__What is required__: What is needed is an exact copy of the lines in the entries below from the one holding "Niño viendo la teleclase" through the one holding "Fotografía 39. Demolición", pictures excluded.

__Data entries__:
■ ■ ■

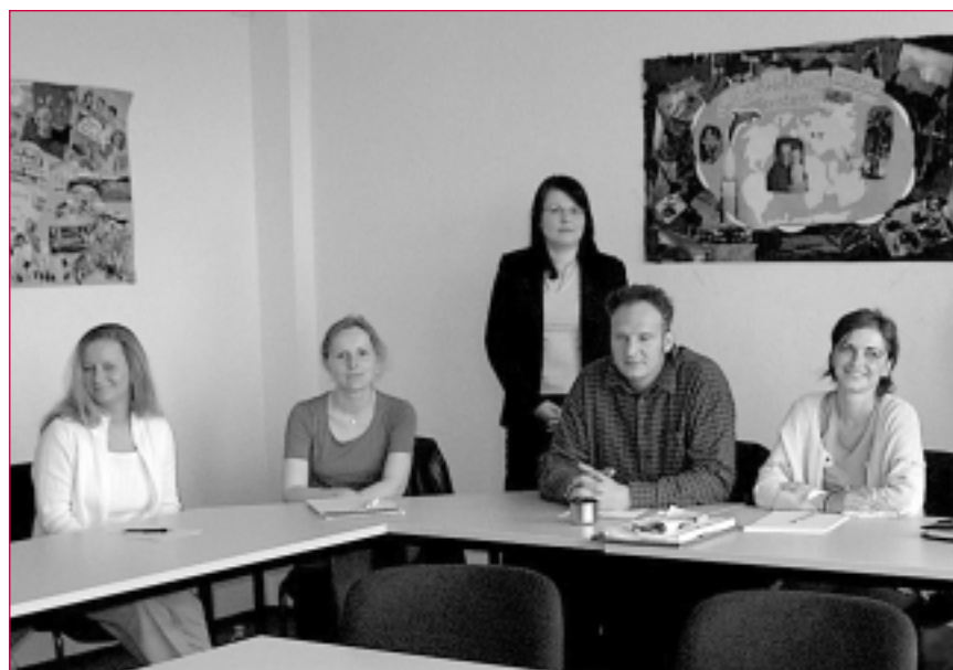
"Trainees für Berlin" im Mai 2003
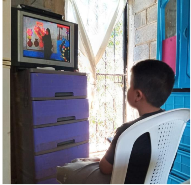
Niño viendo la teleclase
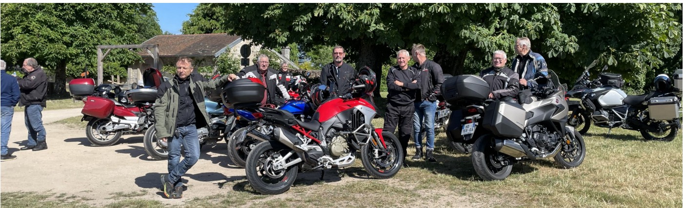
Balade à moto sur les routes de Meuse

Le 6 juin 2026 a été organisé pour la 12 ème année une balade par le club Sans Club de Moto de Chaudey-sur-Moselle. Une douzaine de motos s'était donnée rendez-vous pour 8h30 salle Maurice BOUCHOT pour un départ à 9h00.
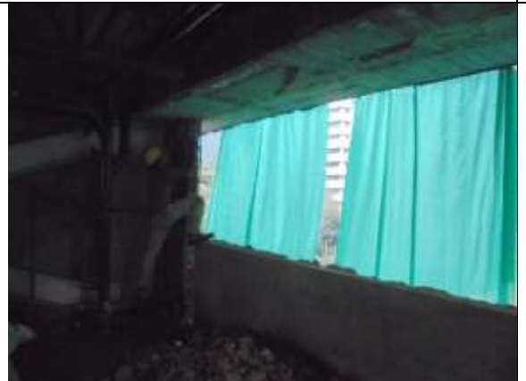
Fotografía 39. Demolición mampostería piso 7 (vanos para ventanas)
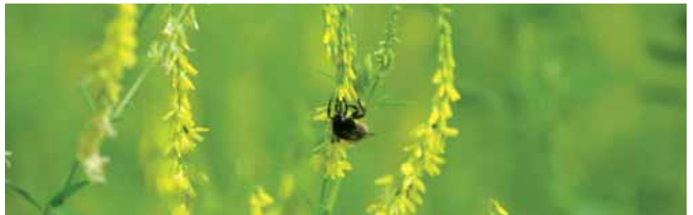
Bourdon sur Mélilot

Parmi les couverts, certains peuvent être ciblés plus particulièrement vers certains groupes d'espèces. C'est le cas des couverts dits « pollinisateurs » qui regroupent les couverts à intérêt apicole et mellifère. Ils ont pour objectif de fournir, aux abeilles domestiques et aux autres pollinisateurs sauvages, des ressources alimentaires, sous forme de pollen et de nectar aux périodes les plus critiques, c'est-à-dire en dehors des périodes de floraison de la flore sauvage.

■ ■ ■

__Response to this task__:
Niño viendo la teleclase
Balade à moto sur les routes de Meuse

Le 6 juin 2026 a été organisé pour la 12 ème année une balade par le club Sans Club de Moto de Chaudey-sur-Moselle. Une douzaine de motos s'était donnée rendez-vous pour 8h30 salle Maurice BOUCHOT pour un départ à 9h00.
Fotografía 39. Demolición mampostería piso 7 (vanos para ventanas)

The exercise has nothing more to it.